Throughout Milosz’s oeuvre, however, exists strains of the religious mysticism of William Blake and – heretofore unknown to this reviewer – French Roman Catholic philosopher Jacques Maritain and Milosz’s uncle Oskar Milosz. The elder Milosz, noted by Franaszek, once argued about what constituted real poetry with none other than Oscar Wilde. Oskar Milosz asserted that “hierarchy, mystery and metaphysical sensitivity were fundamental to great art, whose function it was to enrich the human spirit and mind.”
The nephew in fact was responsible for much of the existing translations of his uncle’s work as well as extensive translations into Polish of the Bible. One may discern a whiff of secular humanism in a poem such as “If There Is No God,” but they’d miss the influence of Oskar Milosz:
If there is no God
Not everything is permitted to man.
He is still his brother’s keeper
And he is not permitted to sadden his brother
By saying that there is no God.
Elsewhere, Milosz explained his approach to Christianity was tainted by his inability to live up to the virtues he championed, a crisis of faith inculcated by a lengthy exposure to communism:
My books are full of respect for conventional virtues and, thought that role was never intentional, I could sometimes be considered a moralist. I was deeply ashamed of my lack of virtue, and was reluctant to say, “Yes, I admit to that, that’s what I am like and that’s it.” This lack of virtue had its origin from a clash in my relationship with collective entities … and could be described as excessive individualism.
This dark night of the soul prompted Milosz to seek counsel from Pope John Paul II:
[I]n the last few years I wrote poems in which I consciously adhered to Catholic orthodoxy, but I am not sure whether I was successful in achieving that, I, therefore, ask for your words confirming my pursuit of our common goal. Let’s hope Christ’s promise of Resurrection comes true.

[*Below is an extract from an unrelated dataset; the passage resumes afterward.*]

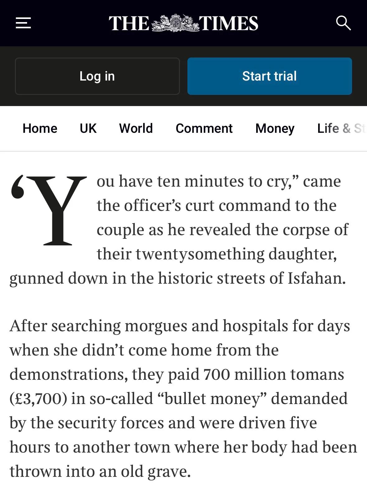 英国的《星期日泰晤士报》报导:在伊朗的伊斯法罕,一对父母在停尸房里找到了女儿,她身上有多个弹孔。当他们悲痛欲绝想要把遗体领回家安葬的时候,负责看管的伊斯兰革命卫队军官冷冷地对他们说:“你们有十分钟的时间哭泣。” 然后,这名军官开出了一张“子弹费”账单。 军官说:“你们的女儿是暴徒,是我们用了子弹才把她消灭的。这子弹是国家财产,你们必须赔偿。” 这笔子弹费是7亿里亚尔,按照黑市汇率,大概相当于3700英镑。 有些过份了,如果这不是英国媒体造谣。

The pontiff’s response came within a fortnight:
You write that the subject of your concern was whether your work ‘adhered to Catholic orthodoxy.’ I am convinced that this intention is of decisive significance. In this sense, I am happy to confirm your words about our ‘pursuing a common goal.’ From the bottom of my heart, I also would like to wish that the promise Christ gave to the whole of humankind through his Resurrection comes true for you. I wish God’s blessings on you, your life and work.
Respect for Milosz’s literary efforts waned only in the final years of his life. By 2004, the year he died, a Poland quickly accustomed to its growing freedoms spawned a new generation of poets indifferent to literary accomplishments wrought by tremendous personal sacrifice.
It’s fortunate Milosz’s literary legacy is preserved in Franaszek’s biography, and it is hoped it serves to reinvigorate the inclusion of Milosz’s works on college syllabi. Franaszek, an assistant professor of Polish Literature at Krakow’s Pedagogical University, proves again and again his wide-ranging ability to marshal extensive biographical details aligned as well with an ability to approach the poetry and private documents of Milosz with sensitivity and scholarly discipline. In short, Milosz: A Biography is a literary triumph.